I am aware that cross posting isn't typically allowed on SE but I think this question, earlier posted on math SE, is worth considering on crypto SE.
(Since this post is just a copy of math SE question I am modifying it to Cryoto SE)
I have two list, say list1 and list2, containing random integers and both having size $N$. We have a fixed overlap ratio between them. If overlap ratio is $0.3$ and $N = 10$ it means both list have around $3$ integers in common. However this doesn’t guarantee that the indices for these elements will be same. In most of the cases they will be different.
I want help regarding the minimum number of brute force searches I need to perform to find an element that occurs in both list.

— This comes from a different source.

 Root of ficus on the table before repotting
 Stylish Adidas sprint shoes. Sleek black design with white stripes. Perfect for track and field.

Since we need to find a common element, which is guaranteed by the overlap ratio, We start by creating two list, say $A$ and $B$, and add element into them from list1 and list2 until we have: $|A \cap B| = 1$. That is both sub lists have at least one element in common.

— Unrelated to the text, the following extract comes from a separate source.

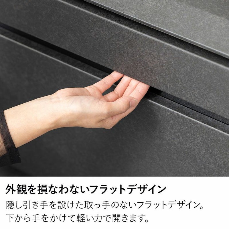 取っ手のないフラットデザインを採用し、下部に隠し引き手を設けています。下から手をかけて軽い力で簡単に開くことができます。

The final goal: Minimum number of length of sublists (number of elements in them) so that both have at-least one element in common.

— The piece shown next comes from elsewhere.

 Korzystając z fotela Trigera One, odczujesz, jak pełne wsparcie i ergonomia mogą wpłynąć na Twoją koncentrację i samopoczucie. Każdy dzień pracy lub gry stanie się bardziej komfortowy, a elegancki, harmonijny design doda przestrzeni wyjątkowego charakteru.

Here is how sublist are created: We pick a random index, $i$, in range $(0, N)$ and create two sub lists: sublist1 and sublist2.
Step 1: Send list1[i] element to sublist1
Step 2: Send list2[i] element to sublist2
Step 3: Check if sublist1 and sublist2 have common elements irrespective of their indices in sublist. Assume that this step is also very simple and completes instantly.
Step 4: If no common element is found increase $i$ with $1$ and repeat. If $i = N +1$ set $i = 1$ again.
I wrote a python program with overlap ratio $0.3$ and here are the results
N Avg Trials % of N √N Ratio (Trials/√N) 120 17 14.17% 11 1.55 12,000 177 1.47% 110 1.61 100,000 539 0.539% 316 1.70 1,000,000 1,584 0.1584% 1,000 1.58 10,000,000 4,975 0.04975% 3,162 1.57 $N$ denotes the length of list. Then I ran the code multiple times and after running it multiple times I calculated the average trials needed that is in Avg Trials. % of N indicates the percentage of range needed to search (average).
I am not good at probability. This suggests that it might be following the birthday bound. If someone could help me with more details and help generalise these results. I seek help for following:
- Given $N = 10^{80}$ and overlap ratio $=0.3$ what will be the minimum number of trials that ensure there is atleast one element in both sublist?
- What will be the cost of implementing this (as asked in 1) and whether it's feasible?
- Whether this matching follows a birthday bound, if yes, then why?
Example:
List1 = $[52579, 46780, 36228, 40369, 26694, 36744, 9651, 98806, 5305, 64566]$
List2 = $[46780, 56910, 80182, 63250, 53981, 5305, 76771, 9651, 61251, 76094]$
Let $i = 2$
Trial 1
sublist1 = $[46780]$
sublist2 = $[56910]$
Since there is no matching element we include next elements
Thus $i = 2+1 = 3$.
sublist1 = $[46780, 36228]$
sublist2 = $[56910, 80182]$
Again there is no matching element so we keep including more additional element.
At 7th trial the picture looks like
sublist1 = $[46780, 36228, 40369, 26694, 36744, 9651, 98806]$
sublist2 = $[56910, 80182, 63250, 53981, 5305, 76771, 9651]$
Here we have $9651$ in sublist2 which occur in sublist1. Hence here the length is $7$.